Thoughts die on the shelves of libraries.

Thought can be reborn in the comprehensive index.

Even thoughts with a limited temporal horizon are witness to the limited temporal horizon of their time and thus contribute marginally.

That though is too weird for twitter!?>><<(<

Exit twitter mode!

Twitterers will know immediately that I am not one of them because I don't have command of the argot. Alas, it may be too late for me. However, I challenge any responders to keep responses to one sentence. No tricky logic, no disingenuous rhetoric, just a one sentence reply. Less is more. The less "merda taurorum" the better.

Of course, this is just an extended joke which I hope will amuse and stimulate some thought. I am working on a reasoned piece on the Chin decision, but such reasoned arguments, protracted spin, disingenuous rhetoric and subliminal agendas take some time to craft.

I invite one and all to my web page anon to see the anti anti-perspective.

http://www.humancomp.org/batke/

cheers, Peter Batke

Comments to batke_p@hotmail.com


NOTE: The term "orphans" in this context refers to a class of out-of-print books that are still under copyright.

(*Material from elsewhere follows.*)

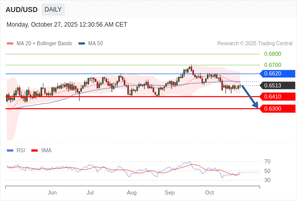 交易策略: 在 0.6620 之下,看跌,目标价位为 0.6410 ,然后为 0.6300 。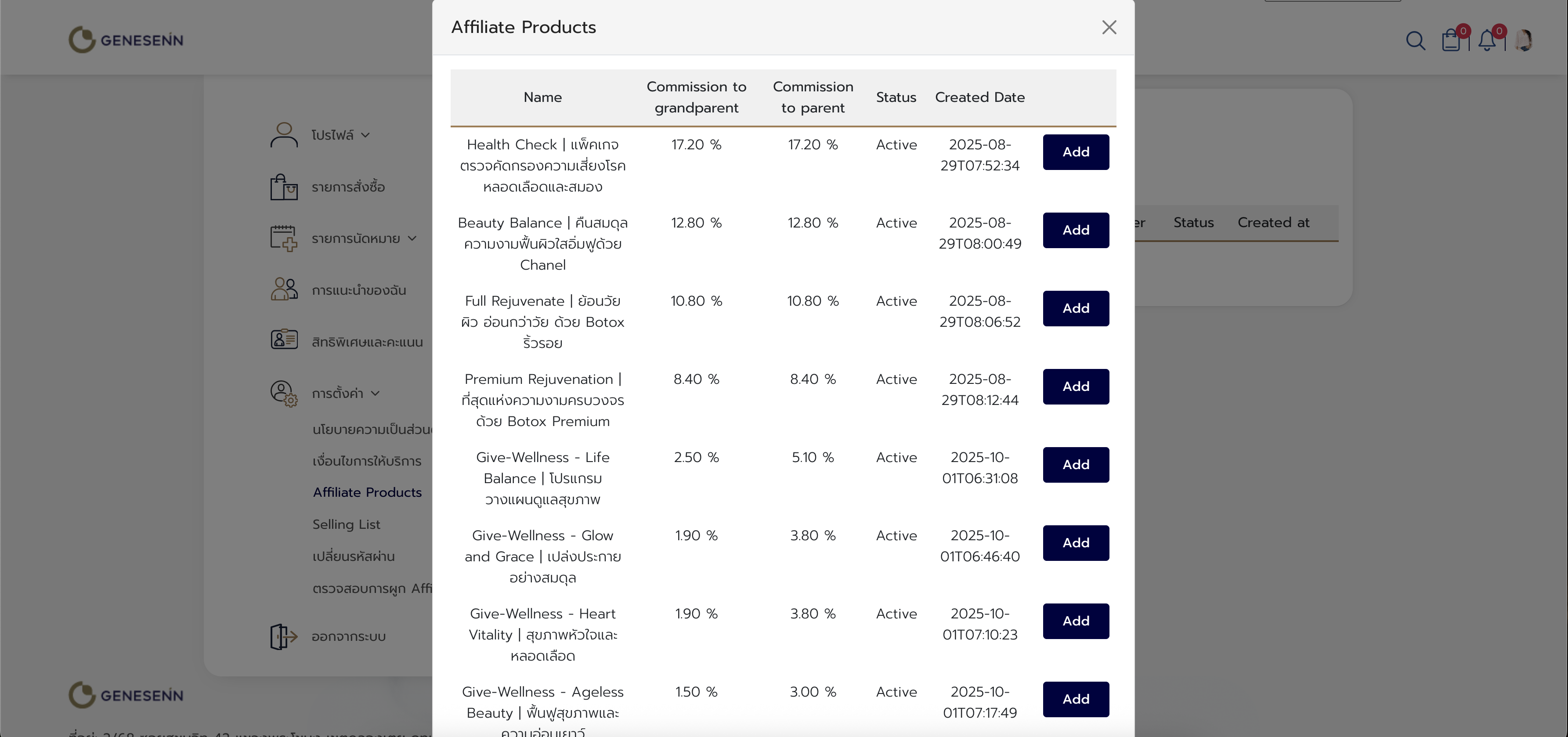 โดยในรายละเอียดของ Product จะแจกแจงค่า Commission เปอร์เซ็นต์ ดังรูปภาพตัวอย่าง

The class of out-of-print orphans comprises titles that have no author registered in the databases that keep track of the whereabouts of authors and their bank routing numbers. Remember Elvis: "She wrote upon it: Return to sender, address unknown. No such number, no such zone." To be a true orphan, bibliophilically speaking, the book must have an author of indeterminate whereabouts who had not died before 1941, should it be possible to determine that fact without 40 hours of research (2011-70 years of copyright protection=1941). Conversely, the books of an author who has died in 1941 will have come out of copyright this year (2011), regardeless when they were published, and do not have the status of orphan, they are in the public domain. Books with registered copyright holders can generate royalties. In the past that was out of the question for the out-of-print, the not-reprinted, the not-reissued, the zombies in libraries and internet internet booksellers; with digitization, some fresh wind has come into the market for the left for dead with renewed revenue flows to authors and publishers, however modest, in the offing. It is a murky area with some conflicts of perceived rights and interests that can generally be resolved in broad outline by looking at the back of the title page. Should there not be a date on the title page, or no name of a publisher still in business, the book may not be worth fighting for. The term "orphans," in this context, is a technical term. The term is used metaphorically and not intended to hurt feelings. I have been sensitized to potential insensitivity on my part in earlier versions. My apologies and the obligatory rewriting are offered as prohylaxis and a gesture of good will in case my attempt to have some fun with the Google ruling may have touched a sensitive social problem and personal trauma, but I hope apologies will not have been necessary. My apologies also to the twitterers... - oh, they are already gone. Never mind.